The purpose of the privilege is to protect "the decision-making process from the inhibiting effect that disclosure of predecisional advisory opinions and recommendations might have on the 'frank discussion of legal or policy matters' in writing." Doe v. City of San Antonio, No. SA-14-CV-102-XR, 2014 WL 6390890, at *2 (W.D. Tex. Nov. 17, 2014) (citing Skelton, 678 F.2d at 38 (5th Cir. 1982) (quoting NLRB v. Sears, Roebuck & Co., 421 U.S. 132, 150 (1975)). In order for the deliberative process privilege to apply, the discovery sought must be both deliberative and predecisional. DaSilva v. U.S. Citizenship & Immigr. Servs., No. 13-13, 2013 WL 4780267, at *4 (E.D. La. Sept. 4, 2013). To be deliberative, the discovery sought would, if disclosed, expose an agency's decision-making process in such a way that would chill candid discussion. Id. Furthermore, to be predecisional, the discovery sought must have been prepared in order to assist the decision-maker in arriving to a decision. Id.

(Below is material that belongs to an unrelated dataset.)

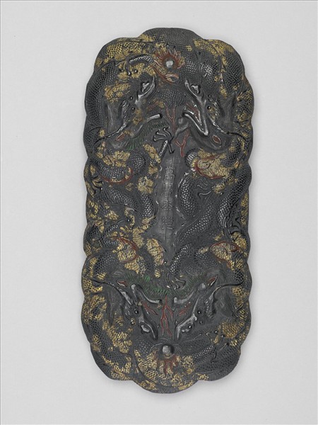 長方形墨。整墨以雙龍搶珠紋為主調,邊廓較不規則。龍身漱金、火紋填紅、龍髯漆綠,其配置則在墨面上下兩側各有兩龍交纏,其龍首分別往墨上下不同方向延伸,火珠則上下兩端各有一顆,便成為兩組雙龍搶珠圖樣,再加上墨面的多彩,整體相當熱鬧繽紛。另兩面分別有「萬曆年造」、「御墨龍香」篆款。

"[T]he deliberative process privilege is qualified and can be overcome 'by a sufficient showing of need.'" Harding v. Cty. of Dall., No. 3:15-CV-0131-D, 2016 WL 7426127, at *12 (N.D. Tex. Dec. 23, 2016) (citations omitted). Indeed, Plaintiffs may take the requested depositions if their "need for the materials and the need for accurate fact-finding override [Defendants'] interest in non-disclosure." Doe, 2014 WL 6390890, at *2 (citing F.T.C. v. Warner Commc'ns Inc., 742 F.2d 1156, 1161 (9th Cir. 1984)). Courts consider multiple factors when determining whether the deliberative process privilege is overcome:

(1) the relevance of the evidence[,] (2) the availability of other evidence, (3) the government's role in the litigation, . . . (4) the extent to which disclosure would hinder frank and independent discussion regarding contemplated policies and decisions . . . (5) the interest of the litigant, and ultimately society, in accurate judicial fact finding, (6) the seriousness of the litigation and the issues involved, (7) the presence of issues concerning alleged governmental misconduct, and (8) the federal interest in the enforcement of federal law.
N. Pacifica, LLC v. City of Pacifica, 274 F. Supp. 2d 1118, 1122 (N.D. Cal. 2003) (citation omitted); see also Doe, 2014 WL 6390890, at *2 (citations omitted) (applying these factors and permitting discovery in a § 1983 case).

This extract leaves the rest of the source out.